The graphic at the right shows the actual United States wealth distribution (in quintiles), i.e.,
the proportion of wealth that the top 20% of the population owns, the proportion owned by the
next 20%, and so forth. Also shown is what the average American thinks the wealth
distribution is, and what the average American (even in this bourgeois society) thinks it
really ought to be. Note that Americans are greatly underestimating the proportion of
all wealth that the top 20% owns (in reality about 84%), and vastly overestimating the
wealth that the bottom 20% owns. (Because of their extremely small percentage share of total
wealth, both the “4th 20%” value (0.2%) and the “Bottom 20%” value (0.1%) are not even visible
in the “Actual” distribution.) [From: Michael Norton & Dan Ariely, “Building
a Better America—One Wealth Quintile at a Time”, Perspectives on Psychological Science,
vol. 6, #1 (2011).]
Moreover, even within the top 20% of the
population the wealth is very concentrated in the top few percent. Some estimates indicate
that the top 1% of the U.S. population, the biggest bourgeoisie, owns nearly 50% of all the
wealth. [J. B. Davies, et al., “The global pattern of household wealth”,
Journal of International Development, vol. 117 (2009).] The concentration of
wealth in the U.S. today tops even that of 1929, just before the Great Depression of the
1930s!
“The top hundredth of 1 percent of U.S. taxpayers—that’s 16,000 people—have a combined net worth of $6 trillion. That’s as much as the bottom two-thirds of the population. Meanwhile, a quarter of American families say they have no money in a checking or savings account to cover an emergency, according to Bankrate.com.” —Peter Coy, “An Immodest Proposal”, Bloomberg BusinessWeek, April 4-14, 2014, p. 10.
WEALTH EFFECT
The correlation between an individual’s actual personal wealth, or more typically their
perceived wealth, and their willingness to buy things and go further into debt. People
in contemporary capitalist societies have been conditioned to borrow and spend more when they
feel that their net wealth is increasing—even if they still have very large debts.

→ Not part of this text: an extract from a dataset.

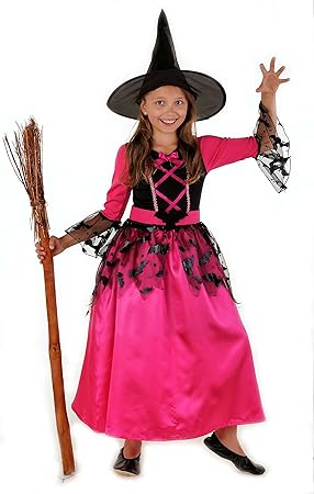 Magicoo Fledermaus Hexenkostum Kinder Madchen Pink Schwarz Hexenhut Schickes Halloween Kostum Hexe Kind 134 140 Amazon De Spielzeug
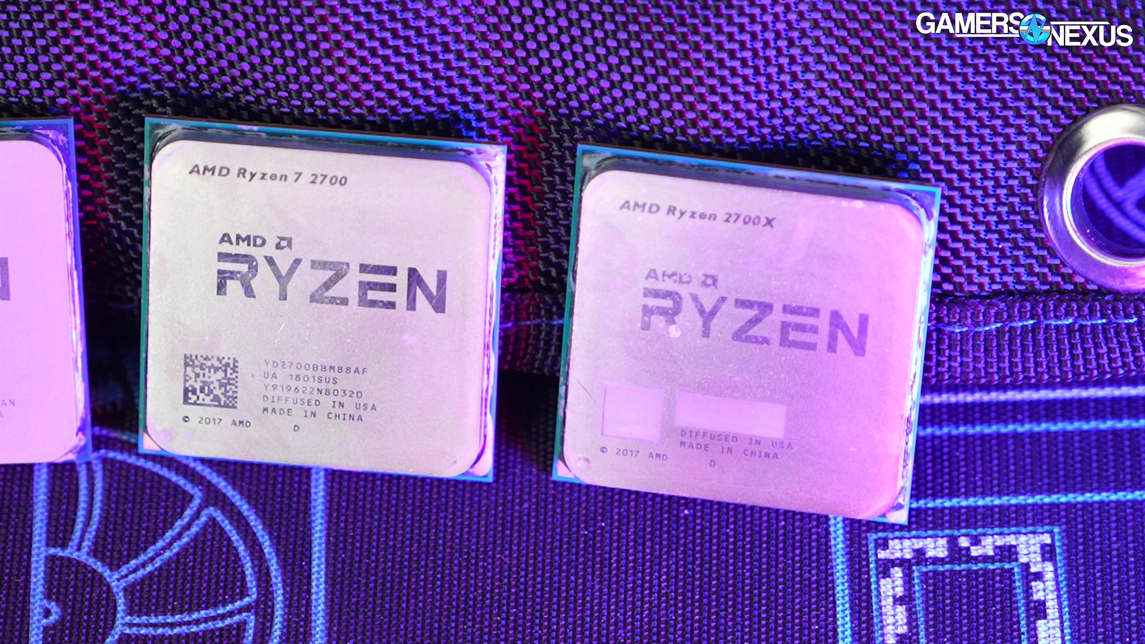 Today we’re revisiting the R7 2700 and R7 2700X CPUs. These came out in 2018 and are now over 5 years old. Original launch prices ranged from $300 to $330, with the 2700 often available for around $200-$250 towards the end of its lifecycle. It was one of the most popular CPUs of its time and struck a strong balance with multithreaded application performance, particularly CPU-side streaming (as we showed in our original game + streaming benchmarks from the review). They competed most directly with Intel’s 9900K that launched later in 2018, or the 8700K before that.

During the U.S. housing bubble of the years
2003-2007, for example, the fact that the market value of homes was increasing rapidly for a
few years led many people to take out a second mortgage, or refinance their existing mortgage
with a cash-out option (i.e., to get an additional loan from the bank in return for signing
over more of the value of their house to the bank). This seemed like a good idea to them at
the time, because the capitalist media led them to believe that home prices would continue to
rise indefinitely (and therefore that their net wealth would continue increasing indefinitely).
Since the housing bubble popped, and the “Great Recession”
hit, millions of these people have already lost their homes. As is nearly always the case in
the end, the “wealth effect” turned out to be a dangerous illusion for the mass of working-class
people.
“Economists have only recently devoted serious study to how a decline in
housing prices affects consumer spending, not least because this is the first decline in
the average price of an American home since the Great Depression [of the 1930s]. A 2007
review of existing research by the Congressional Budget Office reported that people reduce
spending by $20 to $70 a year for every $1,000 decline in the value of their homes.
“This [negative] ‘wealth effect’ is
significantly larger for changes in home equity than in the value of other investments,
such as stocks, apparently because people regard changes in housing prices as more likely
to endure.” —“Gloom Grips Consumers, and It May Be Home Prices”, New York Times,
Oct. 18, 2011.
WEAPONS
“Weapons are an important factor in war, but not the decisive factor; it is people, not things, that are decisive.” —Mao, “On Protracted War”.
WEAPONS SALES
See: ARMS SALES
WEATHER UNDERGROUND ORGANIZATION
A very small but notorious U.S. revolutionary organization of student orgins which existed
from 1969 to 1977, with little in the way of developed revolutionary theory, no mass
practice and no mass base. It is known mostly for its initial violent demonstration in
Chicago in October 1969 against the U.S. imperialist war of aggression against Vietnam (the
“Days of Rage”), and its sporadic and very counter-productive
campaign of bombings of U.S. government buildings up through the mid-1970s.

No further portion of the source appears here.